-- Supplied data follows --
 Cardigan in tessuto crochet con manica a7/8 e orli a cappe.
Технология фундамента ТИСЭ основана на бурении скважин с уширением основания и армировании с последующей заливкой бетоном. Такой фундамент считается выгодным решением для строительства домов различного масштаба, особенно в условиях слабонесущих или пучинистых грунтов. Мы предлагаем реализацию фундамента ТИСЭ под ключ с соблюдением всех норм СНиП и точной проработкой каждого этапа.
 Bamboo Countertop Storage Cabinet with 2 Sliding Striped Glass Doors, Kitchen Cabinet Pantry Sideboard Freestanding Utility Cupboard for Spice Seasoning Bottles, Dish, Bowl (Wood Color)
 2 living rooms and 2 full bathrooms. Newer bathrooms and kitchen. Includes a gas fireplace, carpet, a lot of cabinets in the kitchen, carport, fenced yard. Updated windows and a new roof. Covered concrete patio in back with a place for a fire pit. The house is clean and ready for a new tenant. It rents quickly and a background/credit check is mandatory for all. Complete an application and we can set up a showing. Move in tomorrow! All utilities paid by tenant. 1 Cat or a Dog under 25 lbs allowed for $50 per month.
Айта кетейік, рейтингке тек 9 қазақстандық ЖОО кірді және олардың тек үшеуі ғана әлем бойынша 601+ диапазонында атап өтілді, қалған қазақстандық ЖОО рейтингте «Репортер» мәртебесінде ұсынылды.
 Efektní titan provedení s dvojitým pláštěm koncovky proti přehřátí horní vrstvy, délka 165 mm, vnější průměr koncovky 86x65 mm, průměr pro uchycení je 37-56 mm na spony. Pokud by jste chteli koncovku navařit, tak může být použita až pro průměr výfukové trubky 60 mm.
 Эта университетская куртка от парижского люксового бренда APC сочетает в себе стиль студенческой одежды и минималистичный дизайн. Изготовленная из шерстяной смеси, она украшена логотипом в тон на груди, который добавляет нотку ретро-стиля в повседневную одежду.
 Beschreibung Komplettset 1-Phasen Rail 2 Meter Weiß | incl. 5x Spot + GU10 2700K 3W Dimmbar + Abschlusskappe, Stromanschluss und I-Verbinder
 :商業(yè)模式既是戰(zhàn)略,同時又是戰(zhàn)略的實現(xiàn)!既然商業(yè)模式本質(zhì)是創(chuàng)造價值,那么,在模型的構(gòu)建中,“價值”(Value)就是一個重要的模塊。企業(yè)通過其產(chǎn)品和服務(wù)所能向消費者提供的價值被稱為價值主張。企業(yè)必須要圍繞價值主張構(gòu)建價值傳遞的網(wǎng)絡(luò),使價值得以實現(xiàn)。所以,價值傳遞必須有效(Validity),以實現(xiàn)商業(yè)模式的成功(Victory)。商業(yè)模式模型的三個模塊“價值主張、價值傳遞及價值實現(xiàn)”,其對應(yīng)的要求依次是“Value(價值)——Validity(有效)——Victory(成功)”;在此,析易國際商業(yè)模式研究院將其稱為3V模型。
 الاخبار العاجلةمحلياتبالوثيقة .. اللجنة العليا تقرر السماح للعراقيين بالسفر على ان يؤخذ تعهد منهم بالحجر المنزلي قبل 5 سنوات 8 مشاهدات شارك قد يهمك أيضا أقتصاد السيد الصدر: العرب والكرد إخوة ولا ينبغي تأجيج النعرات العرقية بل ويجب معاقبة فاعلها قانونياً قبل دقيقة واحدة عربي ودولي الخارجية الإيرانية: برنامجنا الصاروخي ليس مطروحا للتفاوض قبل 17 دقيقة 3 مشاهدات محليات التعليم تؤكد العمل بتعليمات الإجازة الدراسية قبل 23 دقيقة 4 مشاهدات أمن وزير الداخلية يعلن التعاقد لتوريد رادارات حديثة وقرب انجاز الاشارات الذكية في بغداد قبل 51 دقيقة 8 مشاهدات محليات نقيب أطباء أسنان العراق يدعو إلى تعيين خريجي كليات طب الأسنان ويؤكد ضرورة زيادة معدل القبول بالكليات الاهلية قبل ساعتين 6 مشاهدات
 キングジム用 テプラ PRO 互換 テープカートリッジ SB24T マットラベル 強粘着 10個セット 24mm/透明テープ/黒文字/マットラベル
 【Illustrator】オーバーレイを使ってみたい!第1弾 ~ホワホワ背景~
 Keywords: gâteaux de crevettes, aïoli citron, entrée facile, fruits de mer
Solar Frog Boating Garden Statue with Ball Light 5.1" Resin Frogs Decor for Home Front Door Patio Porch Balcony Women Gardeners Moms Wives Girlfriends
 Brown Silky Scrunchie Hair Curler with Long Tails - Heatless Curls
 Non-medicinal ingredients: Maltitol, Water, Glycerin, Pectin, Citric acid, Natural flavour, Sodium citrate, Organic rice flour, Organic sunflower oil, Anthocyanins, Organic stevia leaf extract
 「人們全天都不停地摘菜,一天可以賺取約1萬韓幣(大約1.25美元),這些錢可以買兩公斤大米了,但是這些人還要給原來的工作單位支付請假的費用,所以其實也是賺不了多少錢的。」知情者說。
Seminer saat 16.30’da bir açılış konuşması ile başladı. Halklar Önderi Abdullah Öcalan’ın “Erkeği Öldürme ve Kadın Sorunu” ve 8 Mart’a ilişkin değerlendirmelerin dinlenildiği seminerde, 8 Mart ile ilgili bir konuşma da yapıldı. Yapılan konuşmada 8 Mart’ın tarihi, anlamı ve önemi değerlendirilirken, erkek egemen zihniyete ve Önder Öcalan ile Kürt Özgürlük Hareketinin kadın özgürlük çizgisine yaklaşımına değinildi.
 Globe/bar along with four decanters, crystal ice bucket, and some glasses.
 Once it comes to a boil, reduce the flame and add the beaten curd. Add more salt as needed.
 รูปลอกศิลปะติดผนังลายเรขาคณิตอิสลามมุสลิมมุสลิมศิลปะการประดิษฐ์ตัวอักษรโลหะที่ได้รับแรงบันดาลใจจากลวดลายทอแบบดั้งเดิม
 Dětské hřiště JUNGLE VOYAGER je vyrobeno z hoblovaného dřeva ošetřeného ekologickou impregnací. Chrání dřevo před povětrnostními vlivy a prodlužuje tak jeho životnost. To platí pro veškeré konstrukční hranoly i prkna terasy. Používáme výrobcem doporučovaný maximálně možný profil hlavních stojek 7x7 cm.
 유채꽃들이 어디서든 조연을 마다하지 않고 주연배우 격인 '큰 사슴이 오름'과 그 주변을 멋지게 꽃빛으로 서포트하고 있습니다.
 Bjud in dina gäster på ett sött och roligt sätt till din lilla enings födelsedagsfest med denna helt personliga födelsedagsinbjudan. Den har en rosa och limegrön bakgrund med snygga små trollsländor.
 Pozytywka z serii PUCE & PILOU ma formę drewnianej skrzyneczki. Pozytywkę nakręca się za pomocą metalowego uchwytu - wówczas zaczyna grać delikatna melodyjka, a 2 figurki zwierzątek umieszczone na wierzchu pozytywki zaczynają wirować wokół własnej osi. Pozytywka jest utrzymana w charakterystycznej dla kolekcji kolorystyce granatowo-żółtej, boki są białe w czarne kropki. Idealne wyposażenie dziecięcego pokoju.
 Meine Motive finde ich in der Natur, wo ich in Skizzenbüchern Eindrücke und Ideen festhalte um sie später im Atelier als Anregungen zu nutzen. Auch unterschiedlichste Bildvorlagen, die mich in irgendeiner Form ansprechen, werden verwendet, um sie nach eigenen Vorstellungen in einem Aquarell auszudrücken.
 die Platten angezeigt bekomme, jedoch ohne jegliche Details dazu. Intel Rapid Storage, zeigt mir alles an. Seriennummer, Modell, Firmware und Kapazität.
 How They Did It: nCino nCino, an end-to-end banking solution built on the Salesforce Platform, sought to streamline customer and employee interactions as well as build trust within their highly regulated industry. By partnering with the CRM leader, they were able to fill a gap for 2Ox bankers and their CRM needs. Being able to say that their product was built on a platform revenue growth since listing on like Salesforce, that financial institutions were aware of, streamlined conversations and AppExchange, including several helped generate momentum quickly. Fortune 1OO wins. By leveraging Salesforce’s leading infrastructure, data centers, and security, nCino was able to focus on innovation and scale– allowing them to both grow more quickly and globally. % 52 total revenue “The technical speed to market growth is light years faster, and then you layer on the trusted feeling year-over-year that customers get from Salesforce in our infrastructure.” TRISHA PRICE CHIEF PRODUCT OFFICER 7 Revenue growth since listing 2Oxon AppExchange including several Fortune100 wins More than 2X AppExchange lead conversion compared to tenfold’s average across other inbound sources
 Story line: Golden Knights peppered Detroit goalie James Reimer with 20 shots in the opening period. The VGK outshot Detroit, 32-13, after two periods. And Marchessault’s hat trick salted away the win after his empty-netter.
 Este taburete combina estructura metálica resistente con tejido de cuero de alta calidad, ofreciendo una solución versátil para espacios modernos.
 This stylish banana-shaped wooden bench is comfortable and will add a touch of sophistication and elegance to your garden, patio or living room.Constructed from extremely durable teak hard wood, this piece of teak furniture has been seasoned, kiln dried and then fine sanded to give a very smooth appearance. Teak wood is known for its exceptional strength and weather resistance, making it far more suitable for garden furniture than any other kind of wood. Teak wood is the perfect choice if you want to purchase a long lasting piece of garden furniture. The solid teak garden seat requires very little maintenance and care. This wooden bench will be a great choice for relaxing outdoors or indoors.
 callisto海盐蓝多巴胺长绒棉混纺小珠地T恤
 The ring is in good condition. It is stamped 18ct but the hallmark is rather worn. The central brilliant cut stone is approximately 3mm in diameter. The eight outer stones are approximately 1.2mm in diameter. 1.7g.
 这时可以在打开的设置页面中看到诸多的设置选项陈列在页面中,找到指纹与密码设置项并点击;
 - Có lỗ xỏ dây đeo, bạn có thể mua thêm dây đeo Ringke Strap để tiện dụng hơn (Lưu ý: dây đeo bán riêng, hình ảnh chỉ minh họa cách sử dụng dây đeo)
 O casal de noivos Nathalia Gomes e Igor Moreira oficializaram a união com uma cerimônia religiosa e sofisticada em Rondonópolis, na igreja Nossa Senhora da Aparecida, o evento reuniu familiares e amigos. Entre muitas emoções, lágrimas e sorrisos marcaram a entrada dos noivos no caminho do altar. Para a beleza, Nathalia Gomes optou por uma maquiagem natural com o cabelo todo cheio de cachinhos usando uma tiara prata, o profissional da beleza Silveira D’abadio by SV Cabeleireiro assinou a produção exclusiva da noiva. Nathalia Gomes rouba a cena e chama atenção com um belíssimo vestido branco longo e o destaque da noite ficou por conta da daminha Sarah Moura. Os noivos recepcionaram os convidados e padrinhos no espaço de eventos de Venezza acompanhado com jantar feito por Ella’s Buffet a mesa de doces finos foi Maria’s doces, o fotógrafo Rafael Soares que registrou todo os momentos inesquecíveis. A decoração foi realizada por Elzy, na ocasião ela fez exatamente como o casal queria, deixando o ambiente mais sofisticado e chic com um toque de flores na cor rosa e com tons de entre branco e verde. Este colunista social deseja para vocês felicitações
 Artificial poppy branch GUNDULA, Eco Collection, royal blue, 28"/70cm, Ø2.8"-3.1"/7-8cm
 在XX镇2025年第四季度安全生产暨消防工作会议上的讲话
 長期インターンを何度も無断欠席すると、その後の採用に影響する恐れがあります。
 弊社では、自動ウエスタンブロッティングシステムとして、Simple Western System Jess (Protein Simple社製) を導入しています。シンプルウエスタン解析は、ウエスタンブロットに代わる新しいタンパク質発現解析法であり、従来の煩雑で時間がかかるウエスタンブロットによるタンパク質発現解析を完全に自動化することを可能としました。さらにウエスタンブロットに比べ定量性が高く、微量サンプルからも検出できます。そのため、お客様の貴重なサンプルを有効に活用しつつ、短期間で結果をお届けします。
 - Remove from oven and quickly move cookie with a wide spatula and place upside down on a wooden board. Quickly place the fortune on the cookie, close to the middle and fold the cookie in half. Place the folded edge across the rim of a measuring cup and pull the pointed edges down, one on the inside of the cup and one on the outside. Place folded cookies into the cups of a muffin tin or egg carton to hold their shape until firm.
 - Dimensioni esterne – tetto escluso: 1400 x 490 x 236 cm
-- Supplied data concluded --
▸ Exercise brief
All lines from the opening of the records through the line where "Efektní titan provedení" occurs are to be output verbatim. No other line belongs in the answer.

▸ Response to the task
 Cardigan in tessuto crochet con manica a7/8 e orli a cappe.
Технология фундамента ТИСЭ основана на бурении скважин с уширением основания и армировании с последующей заливкой бетоном. Такой фундамент считается выгодным решением для строительства домов различного масштаба, особенно в условиях слабонесущих или пучинистых грунтов. Мы предлагаем реализацию фундамента ТИСЭ под ключ с соблюдением всех норм СНиП и точной проработкой каждого этапа.
 Bamboo Countertop Storage Cabinet with 2 Sliding Striped Glass Doors, Kitchen Cabinet Pantry Sideboard Freestanding Utility Cupboard for Spice Seasoning Bottles, Dish, Bowl (Wood Color)
 2 living rooms and 2 full bathrooms. Newer bathrooms and kitchen. Includes a gas fireplace, carpet, a lot of cabinets in the kitchen, carport, fenced yard. Updated windows and a new roof. Covered concrete patio in back with a place for a fire pit. The house is clean and ready for a new tenant. It rents quickly and a background/credit check is mandatory for all. Complete an application and we can set up a showing. Move in tomorrow! All utilities paid by tenant. 1 Cat or a Dog under 25 lbs allowed for $50 per month.
Айта кетейік, рейтингке тек 9 қазақстандық ЖОО кірді және олардың тек үшеуі ғана әлем бойынша 601+ диапазонында атап өтілді, қалған қазақстандық ЖОО рейтингте «Репортер» мәртебесінде ұсынылды.
 Efektní titan provedení s dvojitým pláštěm koncovky proti přehřátí horní vrstvy, délka 165 mm, vnější průměr koncovky 86x65 mm, průměr pro uchycení je 37-56 mm na spony. Pokud by jste chteli koncovku navařit, tak může být použita až pro průměr výfukové trubky 60 mm.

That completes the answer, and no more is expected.